Question about saving peft checkpoint
🐛 Describe the bug
From my understand, when saving checkpoints for peft models (see here), trlx removes pytorch_model.bin before calling save_pretrained which makes the removal useless in my opinion.
Is this intentional or we should move the removal code after save_pretrained is called?
Here is an example of a directory resulting from save_pretrained:
adapter_config.json adapter_model.bin optimizer.bin pytorch_model.bin random_states_0.pkl special_tokens_map.json spiece.model tokenizer_config.json tokenizer.json
Which trlX version are you using?
0.7.0
Additional system and package information
3.10.12
Hello @nhanph!
No, the removal is not useless.

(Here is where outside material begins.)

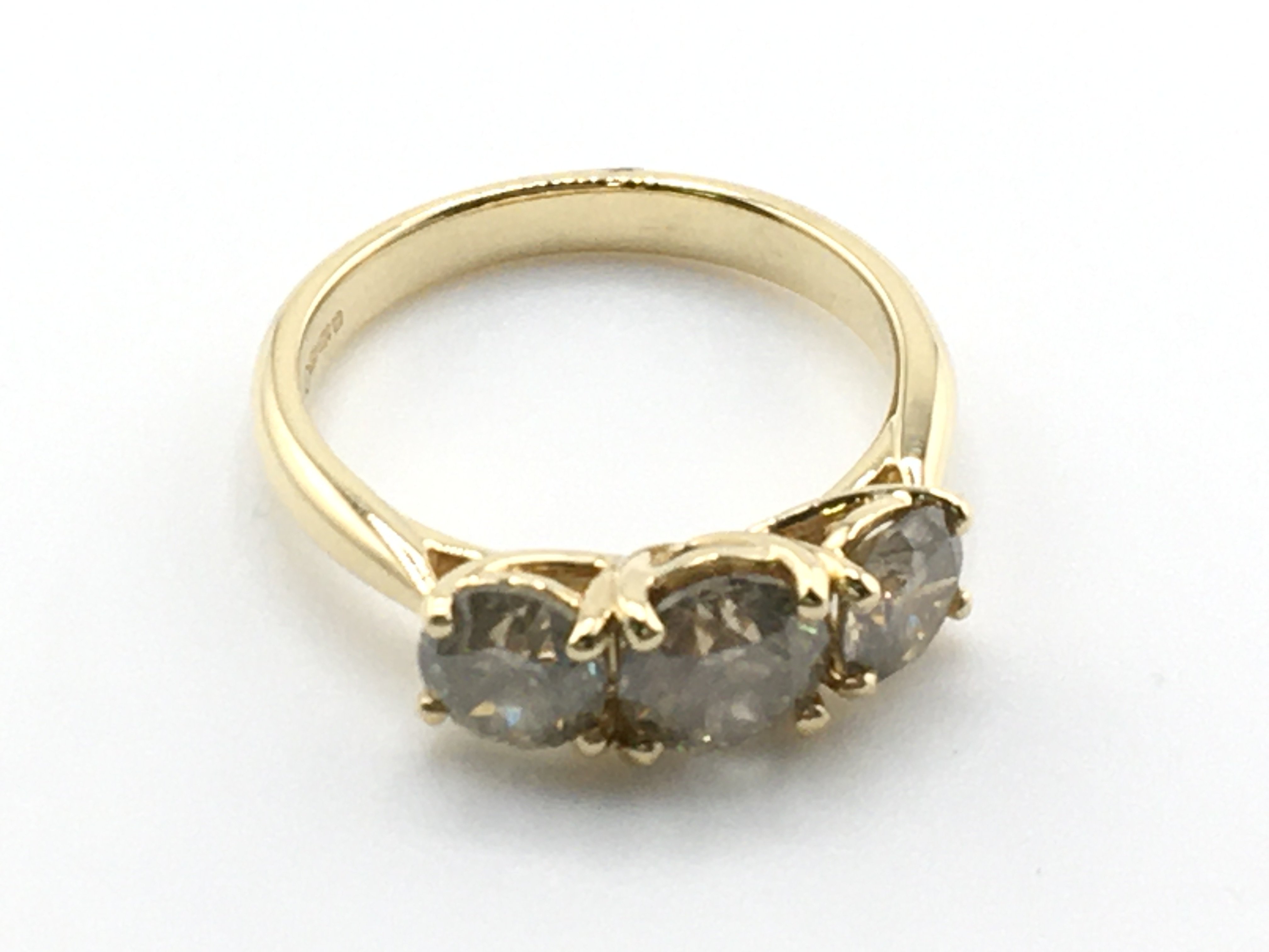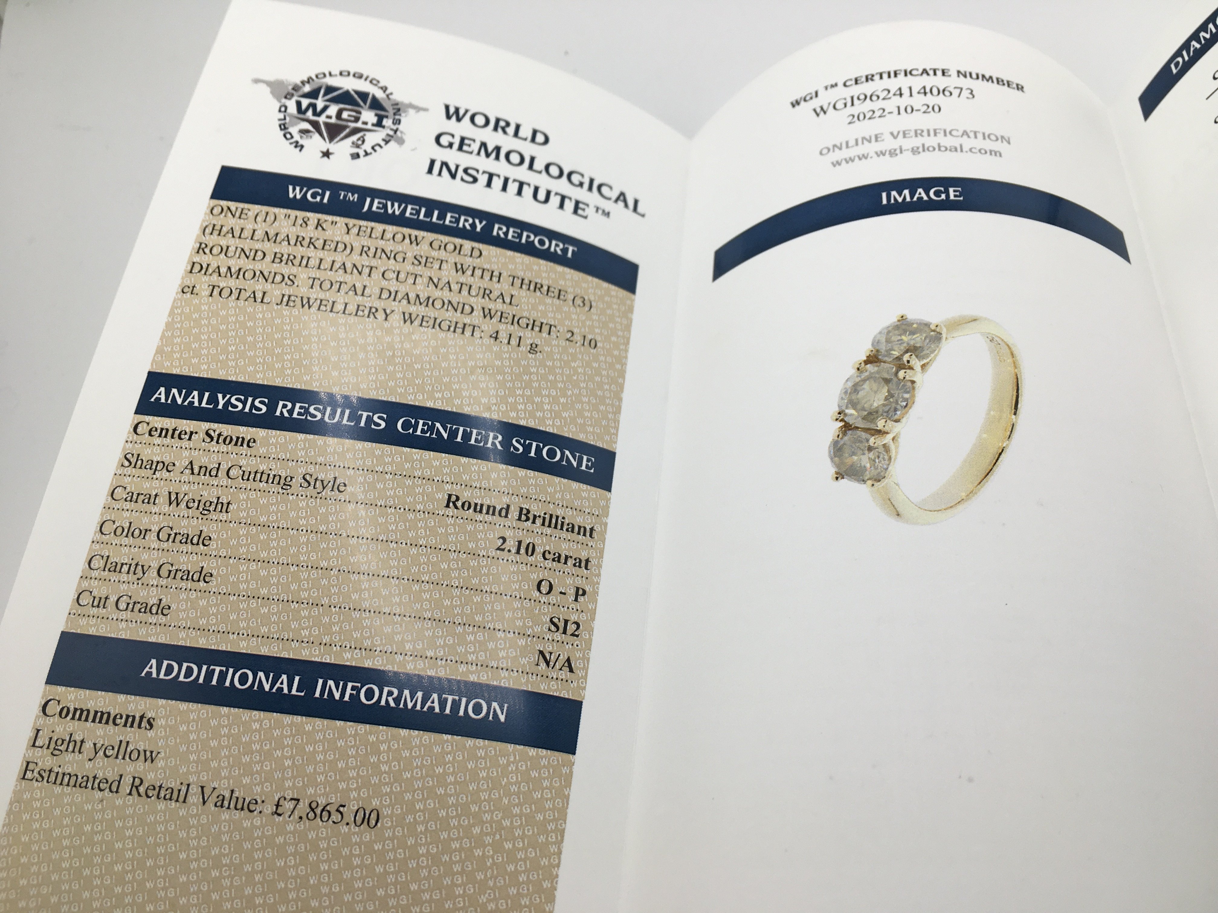 A certificated 18ct yellow gold trilogy ring, diamonds 2.10ct, cert no WGI9624140673. Ring size M, 4.1g. Postage category a

If you check contents of python_model.bin immediately after this line: https://github.com/CarperAI/trlx/blob/bcd237f1e94c84c5c9f5a4086bab34c0946e3fa7/trlx/trainer/accelerate_base_trainer.py#L309 you will see that it contains the whole model state dictionary, which is not needed. After deleting it and recreating it with model.save_pretrained with heads_only=True, only value heads will be kept there.
>>> list(before_deletion_state_dict.keys())[:32]
['v_head.0.weight', 'v_head.0.bias', 'v_head.2.weight', 'v_head.2.bias', 'base_model.model.transformer.wte.weight', 'base_model.model.transformer.wpe.weight', 'base_model.model.transformer.h.0.ln_1.weight', 'base_model.model.transformer.h.0.ln_1.bias', 'base_model.model.transformer.h.0.attn.c_attn.weight', 'base_model.model.transformer.h.0.attn.c_attn.bias', 'base_model.model.transformer.h.0.attn.c_attn.lora_A.default.weight', 'base_model.model.transformer.h.0.attn.c_attn.lora_B.default.weight', 'base_model.model.transformer.h.0.attn.c_proj.weight', 'base_model.model.transformer.h.0.attn.c_proj.bias', 'base_model.model.transformer.h.0.ln_2.weight', 'base_model.model.transformer.h.0.ln_2.bias', 'base_model.model.transformer.h.0.mlp.c_fc.weight', 'base_model.model.transformer.h.0.mlp.c_fc.bias', 'base_model.model.transformer.h.0.mlp.c_proj.weight', 'base_model.model.transformer.h.0.mlp.c_proj.bias', 'base_model.model.transformer.h.1.ln_1.weight', 'base_model.model.transformer.h.1.ln_1.bias', 'base_model.model.transformer.h.1.attn.c_attn.weight', 'base_model.model.transformer.h.1.attn.c_attn.bias', 'base_model.model.transformer.h.1.attn.c_attn.lora_A.default.weight', 'base_model.model.transformer.h.1.attn.c_attn.lora_B.default.weight', 'base_model.model.transformer.h.1.attn.c_proj.weight', 'base_model.model.transformer.h.1.attn.c_proj.bias', 'base_model.model.transformer.h.1.ln_2.weight', 'base_model.model.transformer.h.1.ln_2.bias', 'base_model.model.transformer.h.1.mlp.c_fc.weight', 'base_model.model.transformer.h.1.mlp.c_fc.bias']
>>> list(after_save_pretrained_state_dict.keys())[:32]
['v_head.0.weight', 'v_head.0.bias', 'v_head.2.weight', 'v_head.2.bias']
Thank you @maxreciprocate , I got the point about saving model's value head now.
My original question is from my observation when running ILQL training script that I see a pytorch_model.bin with the size comparable with the original model so I suspect that the base model is also saved. Is there somewhere that the heads_only flag is set to true during checkpointing when using peft_config as I cannot find it set anywhere?